→ **WHAT TO DO**: Could you find each line of the data below that contains the word "avec" and copy those lines?

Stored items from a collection
------------------------------------------------------------
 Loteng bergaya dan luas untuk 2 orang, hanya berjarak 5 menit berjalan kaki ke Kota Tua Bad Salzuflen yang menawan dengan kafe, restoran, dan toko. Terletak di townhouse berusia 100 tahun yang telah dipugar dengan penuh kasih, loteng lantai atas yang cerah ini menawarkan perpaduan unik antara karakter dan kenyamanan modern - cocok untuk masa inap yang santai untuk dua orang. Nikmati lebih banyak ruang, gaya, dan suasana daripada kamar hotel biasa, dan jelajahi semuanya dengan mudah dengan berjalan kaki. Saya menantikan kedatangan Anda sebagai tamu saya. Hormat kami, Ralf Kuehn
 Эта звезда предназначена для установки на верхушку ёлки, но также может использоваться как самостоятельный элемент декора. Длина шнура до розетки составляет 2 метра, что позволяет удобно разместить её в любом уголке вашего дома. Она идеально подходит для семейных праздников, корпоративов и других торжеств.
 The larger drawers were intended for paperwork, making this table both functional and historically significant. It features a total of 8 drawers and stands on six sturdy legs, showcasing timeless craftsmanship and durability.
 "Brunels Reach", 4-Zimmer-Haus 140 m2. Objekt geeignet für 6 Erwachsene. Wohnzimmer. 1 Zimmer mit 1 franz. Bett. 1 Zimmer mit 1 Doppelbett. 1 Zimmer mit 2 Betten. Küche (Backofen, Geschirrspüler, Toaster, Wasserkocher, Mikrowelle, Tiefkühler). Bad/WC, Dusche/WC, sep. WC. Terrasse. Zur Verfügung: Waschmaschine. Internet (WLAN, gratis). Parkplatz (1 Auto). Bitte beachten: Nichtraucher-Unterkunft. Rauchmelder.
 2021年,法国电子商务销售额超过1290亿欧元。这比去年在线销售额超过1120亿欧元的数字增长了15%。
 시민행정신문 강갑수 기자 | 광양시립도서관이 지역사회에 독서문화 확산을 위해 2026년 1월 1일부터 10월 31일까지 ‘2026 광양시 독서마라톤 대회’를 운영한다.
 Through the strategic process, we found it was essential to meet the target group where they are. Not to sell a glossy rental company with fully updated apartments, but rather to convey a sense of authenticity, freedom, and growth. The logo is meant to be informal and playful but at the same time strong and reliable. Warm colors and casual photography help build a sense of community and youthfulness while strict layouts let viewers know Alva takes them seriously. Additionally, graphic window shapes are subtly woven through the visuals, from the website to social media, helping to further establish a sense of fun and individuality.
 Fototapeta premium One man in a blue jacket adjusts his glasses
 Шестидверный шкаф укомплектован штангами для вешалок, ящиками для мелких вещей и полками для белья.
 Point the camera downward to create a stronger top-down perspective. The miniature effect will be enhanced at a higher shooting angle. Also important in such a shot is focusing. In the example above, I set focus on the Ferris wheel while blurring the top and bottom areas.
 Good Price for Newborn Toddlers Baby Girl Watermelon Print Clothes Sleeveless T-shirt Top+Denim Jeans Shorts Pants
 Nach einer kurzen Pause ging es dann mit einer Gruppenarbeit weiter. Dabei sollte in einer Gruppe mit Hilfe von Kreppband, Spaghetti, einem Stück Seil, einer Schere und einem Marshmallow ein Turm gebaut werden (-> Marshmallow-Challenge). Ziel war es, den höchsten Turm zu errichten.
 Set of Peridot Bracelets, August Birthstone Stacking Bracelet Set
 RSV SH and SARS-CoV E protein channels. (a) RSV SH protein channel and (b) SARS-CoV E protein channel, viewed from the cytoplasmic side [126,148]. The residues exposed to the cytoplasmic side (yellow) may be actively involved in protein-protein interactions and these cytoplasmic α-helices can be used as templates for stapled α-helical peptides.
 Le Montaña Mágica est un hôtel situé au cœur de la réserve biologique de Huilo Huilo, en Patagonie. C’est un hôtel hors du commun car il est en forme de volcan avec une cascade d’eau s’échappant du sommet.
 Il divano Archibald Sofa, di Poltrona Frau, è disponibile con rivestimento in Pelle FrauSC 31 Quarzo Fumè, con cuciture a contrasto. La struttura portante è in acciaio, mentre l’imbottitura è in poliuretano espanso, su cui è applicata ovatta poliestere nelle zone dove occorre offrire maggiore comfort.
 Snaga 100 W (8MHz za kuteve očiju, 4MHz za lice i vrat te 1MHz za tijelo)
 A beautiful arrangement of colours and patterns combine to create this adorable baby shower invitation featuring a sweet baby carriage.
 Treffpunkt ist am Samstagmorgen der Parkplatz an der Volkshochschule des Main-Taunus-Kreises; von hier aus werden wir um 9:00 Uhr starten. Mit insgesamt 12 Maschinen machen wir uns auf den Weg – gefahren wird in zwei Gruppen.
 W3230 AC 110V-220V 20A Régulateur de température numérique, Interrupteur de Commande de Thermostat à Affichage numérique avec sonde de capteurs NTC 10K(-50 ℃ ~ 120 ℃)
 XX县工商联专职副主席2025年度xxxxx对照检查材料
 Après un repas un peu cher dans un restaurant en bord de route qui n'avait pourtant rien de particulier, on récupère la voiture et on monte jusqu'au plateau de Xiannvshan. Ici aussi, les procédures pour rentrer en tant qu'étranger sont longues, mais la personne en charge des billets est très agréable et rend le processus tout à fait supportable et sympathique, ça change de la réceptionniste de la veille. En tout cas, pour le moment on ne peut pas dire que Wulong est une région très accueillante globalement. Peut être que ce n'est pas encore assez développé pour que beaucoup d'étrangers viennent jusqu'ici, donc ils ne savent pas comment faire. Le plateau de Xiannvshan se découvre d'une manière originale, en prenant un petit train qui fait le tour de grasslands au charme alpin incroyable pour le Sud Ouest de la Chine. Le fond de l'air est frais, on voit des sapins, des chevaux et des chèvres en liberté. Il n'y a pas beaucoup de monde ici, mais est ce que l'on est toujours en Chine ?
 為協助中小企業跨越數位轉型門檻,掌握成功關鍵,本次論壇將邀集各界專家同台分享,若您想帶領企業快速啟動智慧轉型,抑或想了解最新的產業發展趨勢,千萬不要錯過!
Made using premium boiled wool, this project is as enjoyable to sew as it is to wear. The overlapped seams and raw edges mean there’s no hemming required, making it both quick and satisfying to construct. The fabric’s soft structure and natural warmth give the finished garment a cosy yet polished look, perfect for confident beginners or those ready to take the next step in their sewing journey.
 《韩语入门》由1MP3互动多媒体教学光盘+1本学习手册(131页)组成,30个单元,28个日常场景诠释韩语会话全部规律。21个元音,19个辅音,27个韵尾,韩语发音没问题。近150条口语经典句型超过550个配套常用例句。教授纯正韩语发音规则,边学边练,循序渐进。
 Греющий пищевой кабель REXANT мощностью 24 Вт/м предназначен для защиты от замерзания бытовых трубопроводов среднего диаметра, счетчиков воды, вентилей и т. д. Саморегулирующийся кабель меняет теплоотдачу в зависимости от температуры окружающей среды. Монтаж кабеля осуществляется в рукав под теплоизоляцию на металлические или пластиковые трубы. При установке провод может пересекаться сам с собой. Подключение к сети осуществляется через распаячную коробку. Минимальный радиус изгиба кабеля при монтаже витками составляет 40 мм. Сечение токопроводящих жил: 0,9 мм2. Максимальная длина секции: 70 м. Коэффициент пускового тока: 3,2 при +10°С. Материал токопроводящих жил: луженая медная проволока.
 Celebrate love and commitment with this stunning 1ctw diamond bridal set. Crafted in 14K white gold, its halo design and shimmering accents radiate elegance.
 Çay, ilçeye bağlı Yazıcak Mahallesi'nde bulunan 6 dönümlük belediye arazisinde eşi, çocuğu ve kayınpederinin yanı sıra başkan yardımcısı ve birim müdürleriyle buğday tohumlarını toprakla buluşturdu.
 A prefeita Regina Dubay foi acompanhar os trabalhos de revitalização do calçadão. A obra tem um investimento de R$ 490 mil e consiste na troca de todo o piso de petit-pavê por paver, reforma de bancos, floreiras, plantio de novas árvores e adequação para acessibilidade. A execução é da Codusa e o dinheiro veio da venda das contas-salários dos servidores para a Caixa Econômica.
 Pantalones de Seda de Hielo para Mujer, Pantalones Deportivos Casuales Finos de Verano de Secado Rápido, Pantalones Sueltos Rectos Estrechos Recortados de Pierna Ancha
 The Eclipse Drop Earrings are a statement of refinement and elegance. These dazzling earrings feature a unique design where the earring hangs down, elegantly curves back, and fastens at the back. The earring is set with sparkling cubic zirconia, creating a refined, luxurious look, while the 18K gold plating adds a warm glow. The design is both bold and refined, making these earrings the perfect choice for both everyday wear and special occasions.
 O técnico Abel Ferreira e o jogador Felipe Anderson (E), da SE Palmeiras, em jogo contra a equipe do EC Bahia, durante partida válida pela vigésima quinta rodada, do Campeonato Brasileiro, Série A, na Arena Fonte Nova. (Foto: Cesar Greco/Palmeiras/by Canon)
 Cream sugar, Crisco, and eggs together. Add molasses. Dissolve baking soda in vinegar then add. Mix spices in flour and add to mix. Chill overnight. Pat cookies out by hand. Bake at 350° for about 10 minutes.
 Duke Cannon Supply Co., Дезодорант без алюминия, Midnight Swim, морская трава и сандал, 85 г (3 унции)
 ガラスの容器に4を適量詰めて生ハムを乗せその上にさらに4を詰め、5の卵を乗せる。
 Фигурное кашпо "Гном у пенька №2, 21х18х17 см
------------------------------------------------------------
→ **ANSWER SPACE**:
 Le Montaña Mágica est un hôtel situé au cœur de la réserve biologique de Huilo Huilo, en Patagonie. C’est un hôtel hors du commun car il est en forme de volcan avec une cascade d’eau s’échappant du sommet.
 W3230 AC 110V-220V 20A Régulateur de température numérique, Interrupteur de Commande de Thermostat à Affichage numérique avec sonde de capteurs NTC 10K(-50 ℃ ~ 120 ℃)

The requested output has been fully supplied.